Showing posts with label Release the obsession with food. Show all posts
Showing posts with label Release the obsession with food. Show all posts

Wednesday, April 25, 2012

Total Weight Makeover


"This time, like all times, is a very good one, if we but know what to do with it."
~Ralph Waldo Emerson


I barely greeted Mary in the waiting room as she brushed her large framed body past me, marching to my office out of breath fretting, while mumbling she was ten minutes late.  Mary contacted my office a few months ago desperate to lose weight and get a grip on her obsessive volume eating. Mary is most focused on losing weight and less interested in the spiritual and emotional piece of her recovery journey. More than once she (and most of my eating disordered patients) requested to see my heavy pictures to confirm I truly once experienced the caged in desperation she did—that like her, nothing mattered to me except being thin.
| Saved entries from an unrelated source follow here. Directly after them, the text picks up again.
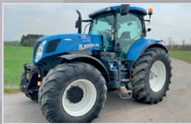
New Holland T 7.220 AC

Bj. 15, 6768h, Auto Command 0-50 km/h, gef. VA & Kabine, Fronthyd. & Zapfwelle, Stoll FL Konsole, Monitor, VB 99.990,-
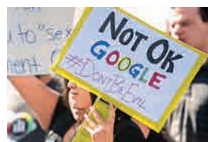
▲ 谷歌全球員工11月初抗議公司處理性騷擾事件不當

了改善臨時工和外包員工的待遇要求。谷歌10月底承認在過去兩年中開除了48名涉嫌性騷擾的員工，其中包含13名公司高層。而谷歌被爆向涉嫌性騷擾的「Android之父」魯賓支付高達9000萬美元遣散費一事更是直接引發了本月初谷歌在全球50座城市的約20000名員工集體示威。
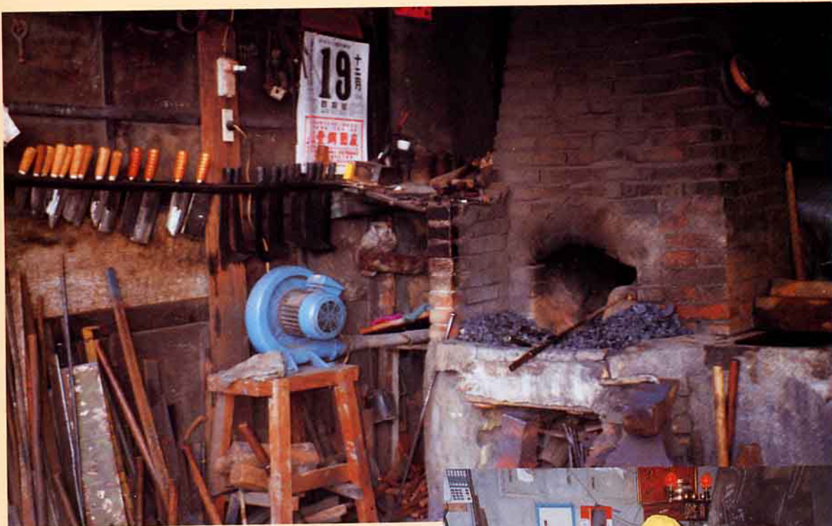
這種設備及行業，已經落伍了嗎？
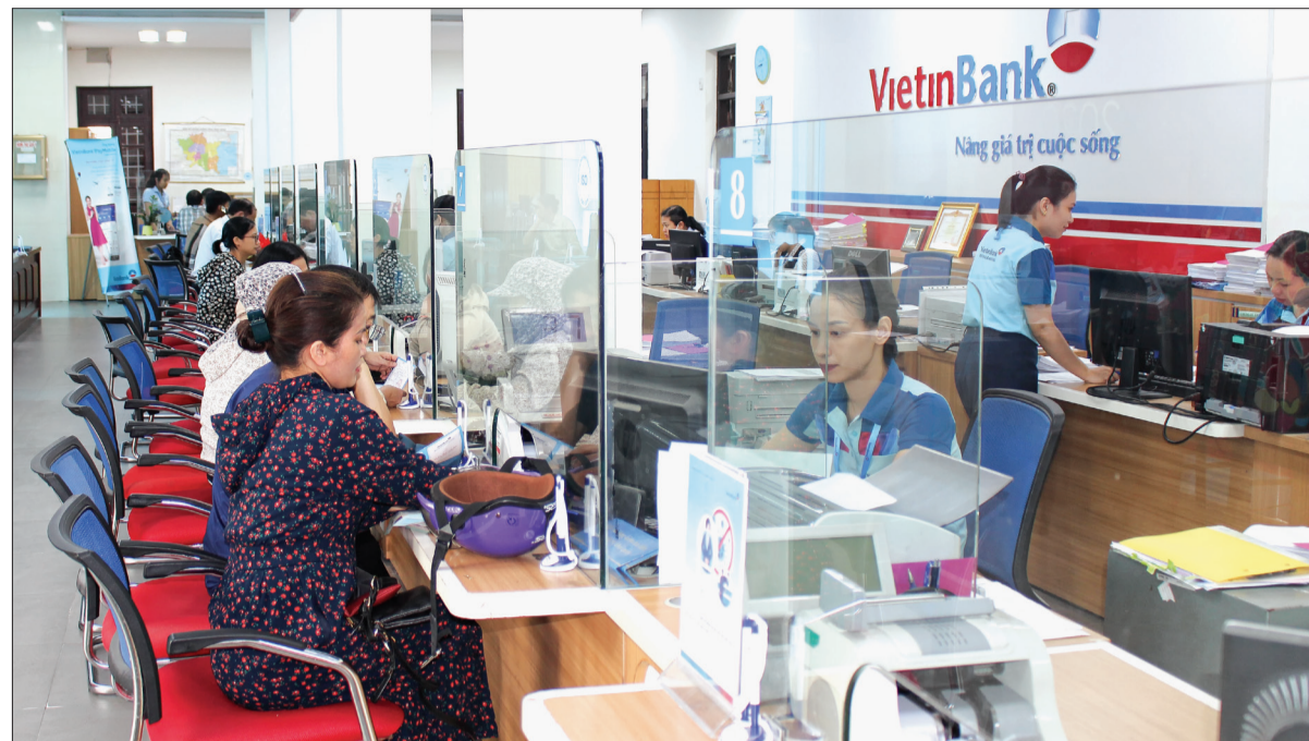
Hoạt động giao dịch ở Ngân hàng Thương mại Cổ phần Công thương Việt Nam Chi nhánh Thái Bình.

Là một trong những ngân hàng có quy mô hoạt động lớn nên từ đầu năm đến nay mặc dù chịu tác động của dịch Covid-19 nhưng Ngân hàng Thương mại Cổ phần Công thương Việt Nam (VietinBank) Chi nhánh Thái Bình vẫn đạt kết quả kinh doanh khá, từ đó càng khẳng định được uy tín và thương hiệu của mình.
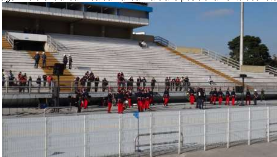
Imagem referencial da Área da Banda Marcial e posicionamento dos retornos
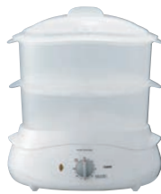
②フードスチーマー

Reluctantly,  I pulled out two.


In the photo below I was 29 years old and on the upswing again with my weight. I recall gritting my teeth and saying to my best friend Yvonne, who was taking the photo, "Do you have to take a picture of a beached whale?" I rarely got roped into taking pictures because they represented my truth. I was fat. And with that truth I bought into the idea fat meant dumb—a total loser. What I didn't get during that photo shoot was that I was a sad young woman distracted with obsessions of food and weight to avoid living in the present life at hand. 

When I was twelve I began to notice I  spent the largest part of every day thinking about what I wanted to eat that I shouldn't and what I should eat that I didn't. The weight piled on and the diet sagas began. My obsession with weight was more sensational than anything that happened between me and boys, money, or girlfriends. I was totally absorbed in me so I could not be hurt by another person.


When I looked deeply into Mary's sad eyes I saw my own reflection of a once desperate me. I so wanted to save her, to pull her out of the misery she's swallowed up in—to convince her there is a better way than jumping on one diet after another.  Mary, like many compulsive eaters, believes if she loses weight she'll attract a desirable man and that all of her "issues" will miraculously disappear. But truth be told, what she's really doing is numbing out with food to avoid the chance of being rejected by someone, hence blaming the problem on the weight. A true vicious cycle. Mary claims she wants to experience blissful love but blames her excess weight from making her dreams come true.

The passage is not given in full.